Literature reviews are necessarily constrained by the quantity and quality of available evidence. Among the included studies, sample sizes were relatively small, sample representativeness was rarely addressed, outcome validity evidence was infrequently presented, and many reports failed to clearly describe key features of the context, instructional design, or outcomes. Although we found numerous studies reporting skill outcomes and several reporting satisfaction and knowledge, we found few studies reporting higher-order outcomes of behavior and patient effects. However, more than 70% of the studies used randomization, and MERSQI scores were substantially higher than those found in previous reviews of medical education research (Reed et al. Citation2007, Citation2008).

Coding reproducibility was suboptimal for some instructional design features, likely due to both poor reporting and difficulty operationalizing coding criteria. However, we reached consensus on all codes prior to meta-analysis.

To increase statistical power and to reduce the number of independent meta-analyses, we combined process and product outcomes for assessments in both an education setting (skills) and with real patients (behaviors and patient effects). Analyzing these separately might have led to slightly different conclusions.

Our review has several additional strengths, including an extensive literature search led by a skilled librarian; no restriction based on time or language of publication; explicit inclusion criteria encompassing a broad range of learners, outcomes, and study designs; duplicate, independent, and reproducible data abstraction; rigorous coding of methodological quality; and hypothesis-driven analyses.

Comparison with previous reviews

The present review complements our recent meta-analysis showing that simulation training is associated with large positive effects in comparison with no intervention (Cook et al. Citation2011). Having established that simulation can be effective, the next step is to understand what makes it effective. Although several other reviews have addressed simulation in general (Issenberg et al. Citation2005; McGaghie et al. Citation2010) or in comparison with no intervention, (Gurusamy et al. Citation2008; McGaghie et al. Citation2011), we are not aware of previous reviews focused on comparisons of different technology-enhanced simulation interventions or instructional designs. By confirming the effectiveness of the design features proposed by Issenberg et al. (Citation2005), our comprehensive and quantitative synthesis represents a novel and important contribution to the field.

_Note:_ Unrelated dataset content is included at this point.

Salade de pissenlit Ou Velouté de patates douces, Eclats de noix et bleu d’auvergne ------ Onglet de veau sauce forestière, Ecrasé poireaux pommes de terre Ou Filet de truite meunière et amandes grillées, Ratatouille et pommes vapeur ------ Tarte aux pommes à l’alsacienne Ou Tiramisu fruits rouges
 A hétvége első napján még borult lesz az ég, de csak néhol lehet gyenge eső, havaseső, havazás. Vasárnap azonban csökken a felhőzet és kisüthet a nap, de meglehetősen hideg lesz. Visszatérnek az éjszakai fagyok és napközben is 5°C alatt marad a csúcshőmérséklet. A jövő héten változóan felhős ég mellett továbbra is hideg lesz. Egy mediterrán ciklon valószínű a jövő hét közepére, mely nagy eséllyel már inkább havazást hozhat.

Our findings of small to moderate effects favoring theory-predicted instructional design features parallel the findings of a review of Internet-based instruction (Cook et al. Citation2008b). An association between longer time in practice and improved outcomes was also reported in a previous review of simulation-based education (McGaghie et al. Citation2006).

Implications

The features proposed by Issenberg et al. (Citation2005) as central to effective simulation appear to work, as do the additional features we identified. We recommend that these be considered the current “best practices” for the field. In order of pooled effect size, these are: range of difficulty, repetitive practice, distributed practice, cognitive interactivity, multiple learning strategies, individualized learning, mastery learning, feedback, longer time, and clinical variation.

However, we simultaneously highlight the need for further research elucidating what works, for whom, under what circumstances. The large inconsistency observed in nearly all analyses indicates that the effect varies from study to study, and the relative contribution of multiple potentially influential variables (learners, environment, operational definition of interventions, outcomes, and other study methods) remains unclear. Besides meta-analysis, other synthesis methods such as realist review (Pawson et al. Citation2005) will help interpret existing evidence.

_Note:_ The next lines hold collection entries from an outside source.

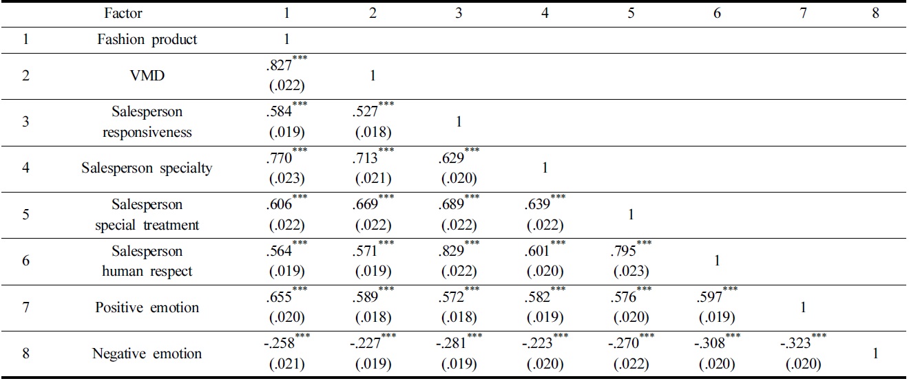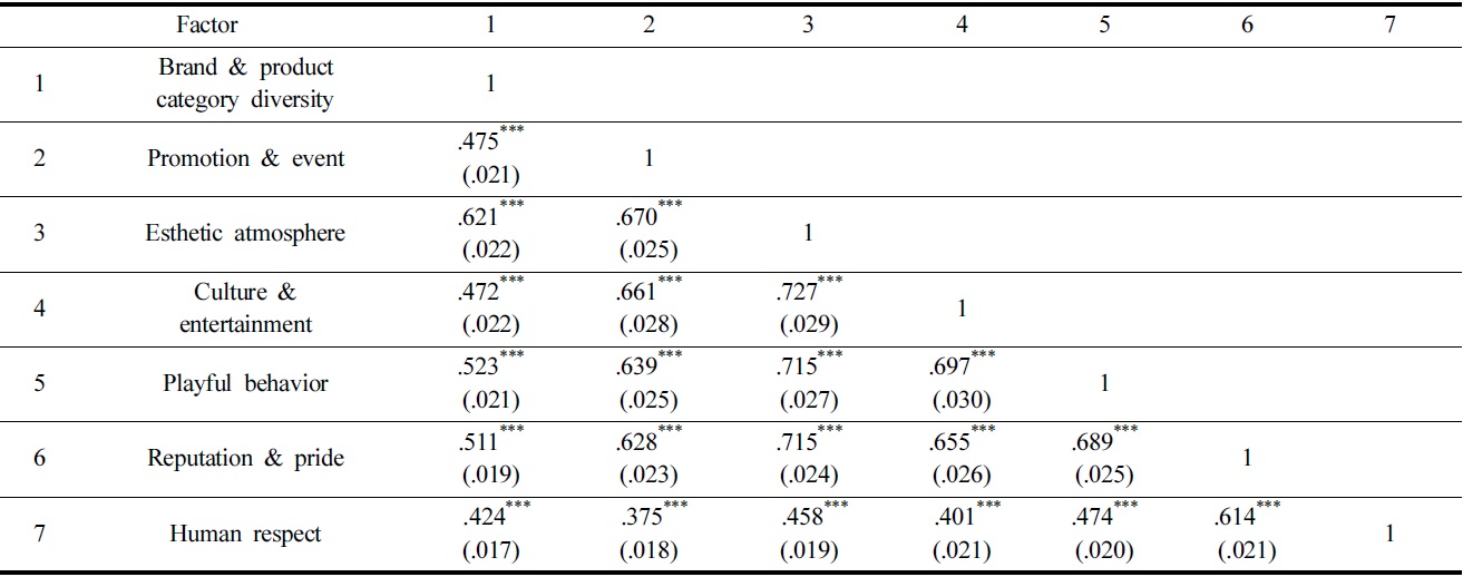 패션브랜드 매장 내·외부에서의 브랜드 체험에 대한 각 요인의 상관행렬을 구성한 후 요인 간 상관계수와 판별타당성을 확인하였다. 패션브랜드 매장 내부에서의 브랜드 체험요인에서 잠재변수들 중 상관이 높은 패션상품 체험과 VMD 체험 요인간 상관계수는 .827이고, 두 잠재변수 간의 표준오차는 .022임을 알 수 있다. 이 수치를 상관계수의 신뢰구간[Φ±2×S.E.]식에 대입하면, [.827±2×.022=.78~.87]으로 1을 포함하지 않고 있기 때문에 판별타당성이 있는 것으로 나타났다. 그리고 패션브랜드 매장 외부에서의 브랜드 체험요인에서 잠재변수들 중상관이 높은 심미성 체험과 문화·엔터테인먼트 체험요인 간상관계수는 .727이고, 두 잠재변수 간의 표준오차는 .029임을 알 수 있다. 이 수치를 상관계수의 신뢰구간 [Φ±2×S.E.]식에 대입하면, [.727±2×.029=.67~.79]으로 1을 포함하지 않고 있기때문에 판별타당성이 있는 것으로 나타났다. 다음의 Table 6과 Table 7은 패션브랜드 매장 내·외부에서의 브랜드 체험에 대한 구성요인 간 상관관계 분석결과이다.
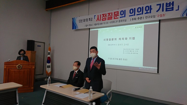 이번 강연회는 정유지 교수(경남정보대학교)가 강연을 맡아 진행하며, 시정질문의 의미와 기능 및 효과를 알아보고 실제 시정질의 사례를 통해 다양한 의견을 나누었다.
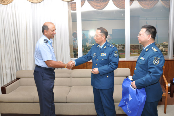 The Chief of Staff of the Chengdu Regional Air Command of China, Major General Ding Laihang paid a courtesy call on the Commander of the Air Force Air Marshal Harsha Abeywickrema this morning. Major General Ding Liahang was accompanied by Senior Colonel Jiang Lisheng, Colonel Xu Kan and Mr Han Tao - the Charge d' affairs of the Embassy of China.
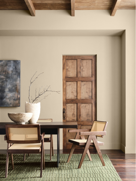這種來自 Sherwin-Williams 的柔和棕褐色因其永恒的簡約感而被選中。它的深度從淺到中等,帶有溫和的黃色和棕色底色,營造出隨意的溫暖感。
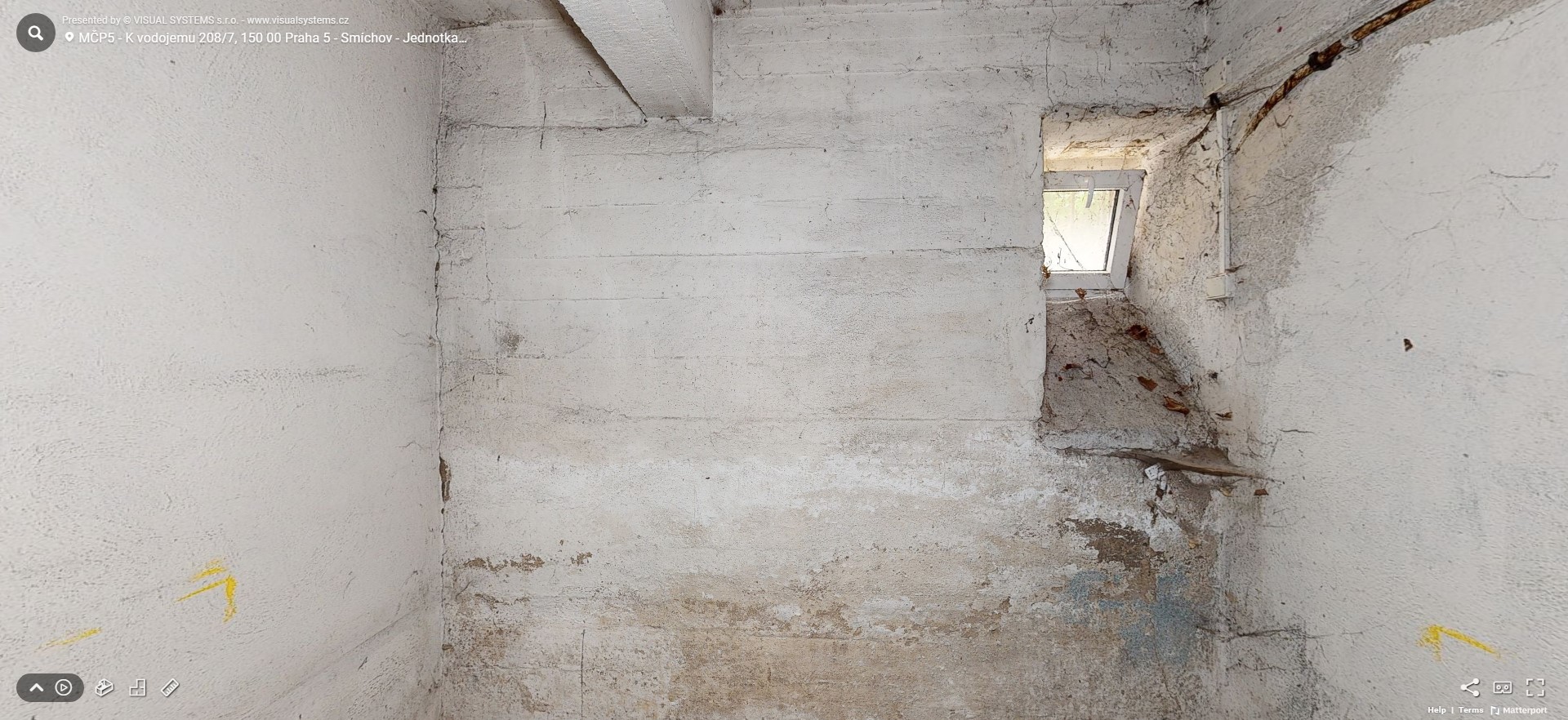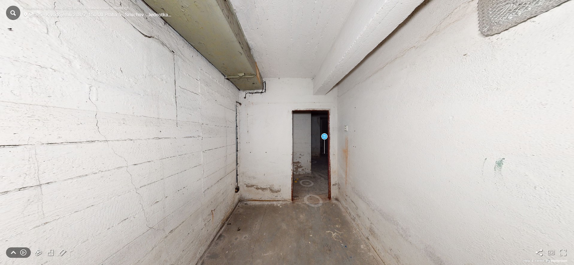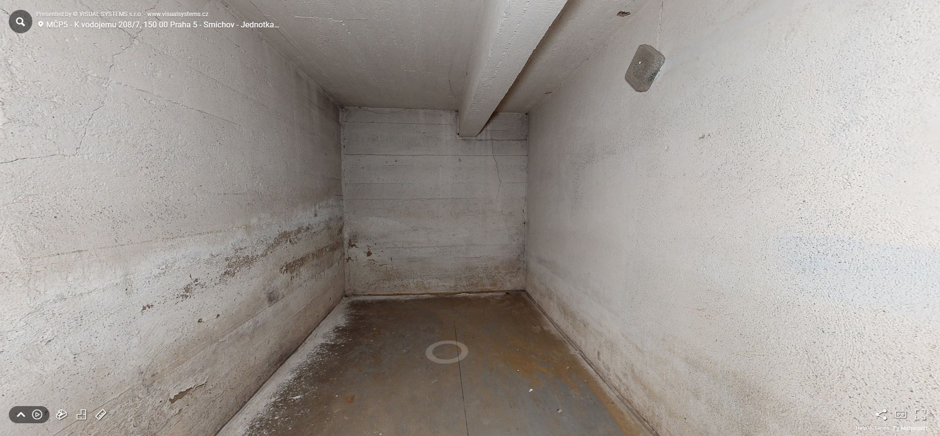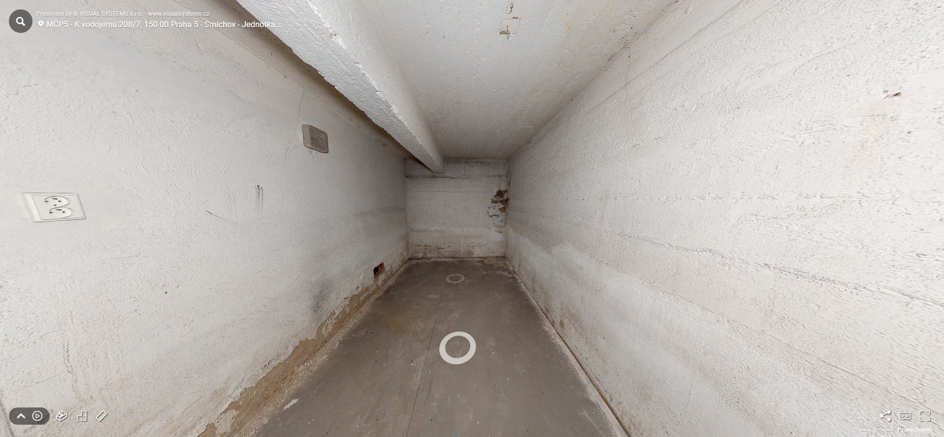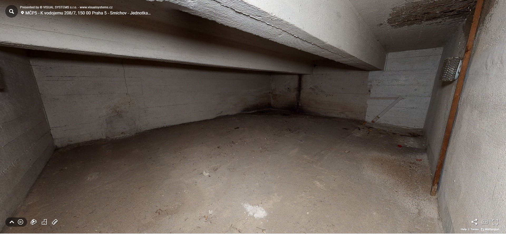 Prostor se skládá z: 12x sklad (18,4, 20,4, 8, 8,1, 11, 13,5, 10,5, 10,6, 13,6, 15,5, 15,7 a 17,6 m2), chodba (33 m2), schodiště (7,1 m2), WC (1,7 m2), koupelna (3,4 m2). Stav: tmavý, místy vlhký, z velké části bez oken, velké členění – malé místnosti, stav rozvodů vody, topení a elektřiny není znám, k rekonstrukci.
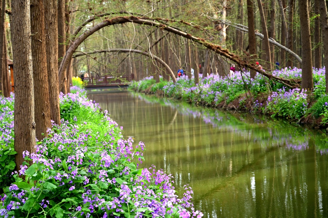 高大的水杉林透出层层绿意,紫色的二月兰在林荫里静寂的延伸展姿,行林岸花道,静水如镜,顾盼留连,千姿百态的水杉树根,自然雕啄,巧夺天工。

Going forward, we believe that a fundamental change in the conception and design of new research is required. To-date, the number of studies attempting to clarify the use of simulation by directly comparing different simulation-based interventions is small (N = 289) relative to the number of studies comparing simulation with no intervention or non-simulation instruction (N = 690 [see ]) and studies without any comparison (N = 864). Studies comparing simulation with simulation will do far more to advance the field than comparisons of simulation with non-simulation approaches. (Cook Citation2010) Yet not all simulation–simulation comparisons are equally useful, and studies evaluating modalities or instructional designs without a conceptual or theoretical rationale have limited generalizability.

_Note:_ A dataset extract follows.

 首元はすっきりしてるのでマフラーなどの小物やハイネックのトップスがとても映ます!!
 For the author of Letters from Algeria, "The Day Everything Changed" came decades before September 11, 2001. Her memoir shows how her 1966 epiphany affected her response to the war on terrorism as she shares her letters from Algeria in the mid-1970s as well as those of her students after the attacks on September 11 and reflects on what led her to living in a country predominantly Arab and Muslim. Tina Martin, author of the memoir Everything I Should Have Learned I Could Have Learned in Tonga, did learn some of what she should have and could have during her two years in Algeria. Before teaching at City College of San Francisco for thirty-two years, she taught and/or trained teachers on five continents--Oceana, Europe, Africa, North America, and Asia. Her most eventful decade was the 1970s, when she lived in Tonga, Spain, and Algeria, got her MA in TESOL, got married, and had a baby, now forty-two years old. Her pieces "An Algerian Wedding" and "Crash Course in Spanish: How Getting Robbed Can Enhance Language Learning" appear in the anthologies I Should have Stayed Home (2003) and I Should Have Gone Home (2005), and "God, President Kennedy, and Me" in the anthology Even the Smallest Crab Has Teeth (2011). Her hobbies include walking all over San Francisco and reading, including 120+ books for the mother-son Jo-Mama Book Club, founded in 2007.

The field thus needs research that goes beyond simple comparisons of presence/absence of key features (Weinger, Citation2010). For example, it appears that feedback improves outcomes—but we expect that much could yet be learned about the basis, timing, and delivery of feedback. This research will require progressively refined theories and conceptual frameworks that programmatically study carefully constructed questions (Bordage Citation2009; McGaghie et al. Citation2010). The themes identified in this review (see ) provide a starting point for such research programs. It will also be important to systematically account the costs of alternate instructional approaches (Levin Citation2001), and explore how costs can inform design decisions (Zendejas 2012).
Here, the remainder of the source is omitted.